* PROBLEM TO SOLVE
Transcribe only the part of the material below that begins at the line containing "Lime Green Zebra Print Monogram Pillow" and ends at the line containing "Normativa de justificació", with both kept and images left out.
[DATA IN THIS EXERCISE Boundary: Start]
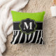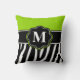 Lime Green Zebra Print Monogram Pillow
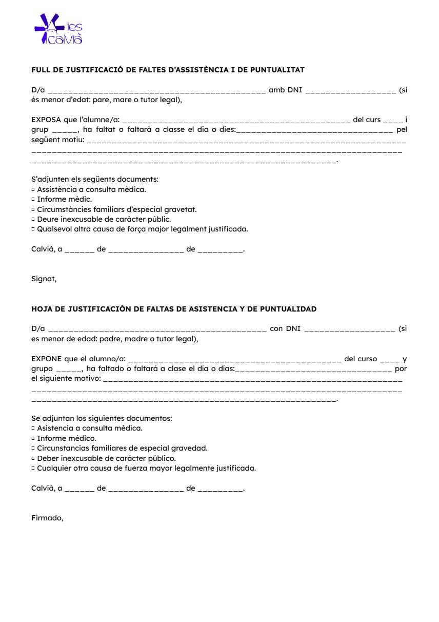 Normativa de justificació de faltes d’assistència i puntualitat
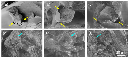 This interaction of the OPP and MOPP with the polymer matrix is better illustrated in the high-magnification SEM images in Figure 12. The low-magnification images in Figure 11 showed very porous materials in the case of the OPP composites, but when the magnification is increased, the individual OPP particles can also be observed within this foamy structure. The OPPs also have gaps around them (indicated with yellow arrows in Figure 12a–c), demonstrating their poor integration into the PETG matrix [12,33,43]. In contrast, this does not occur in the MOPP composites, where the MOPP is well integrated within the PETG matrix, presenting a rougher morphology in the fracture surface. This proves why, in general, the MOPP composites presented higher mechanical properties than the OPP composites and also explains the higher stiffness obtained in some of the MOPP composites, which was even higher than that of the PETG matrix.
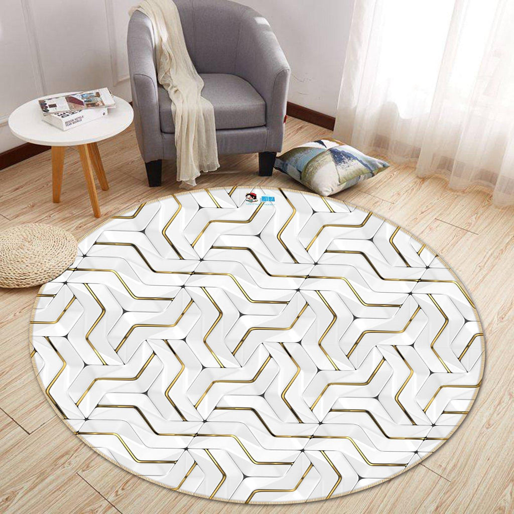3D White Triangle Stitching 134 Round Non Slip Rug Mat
[DATA IN THIS EXERCISE Boundary: End]
[DATA IN THIS EXERCISE Boundary: Start]
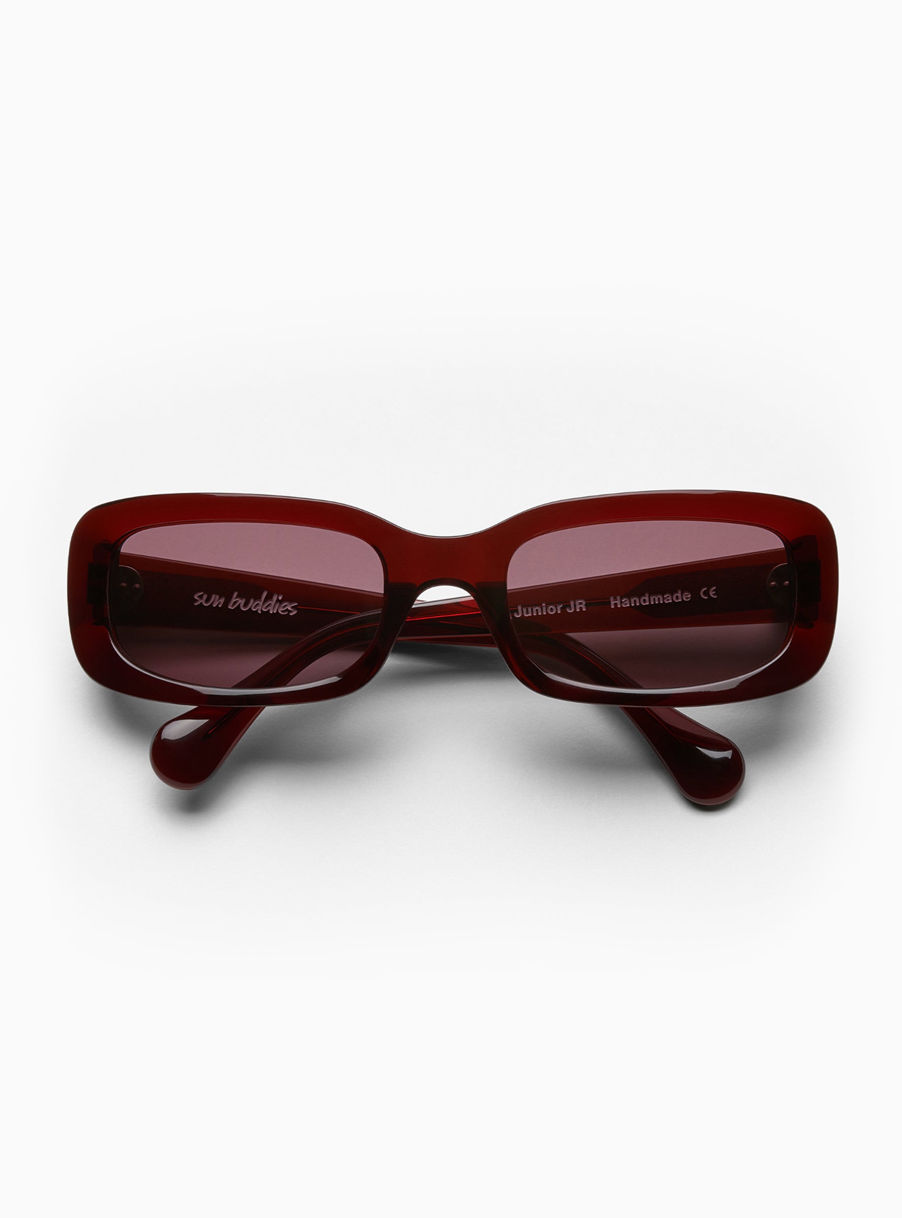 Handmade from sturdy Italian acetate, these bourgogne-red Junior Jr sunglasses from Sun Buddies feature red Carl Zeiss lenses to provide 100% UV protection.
[DATA IN THIS EXERCISE Boundary: End]
* ANSWER SPACE
 Lime Green Zebra Print Monogram Pillow
 Normativa de justificació de faltes d’assistència i puntualitat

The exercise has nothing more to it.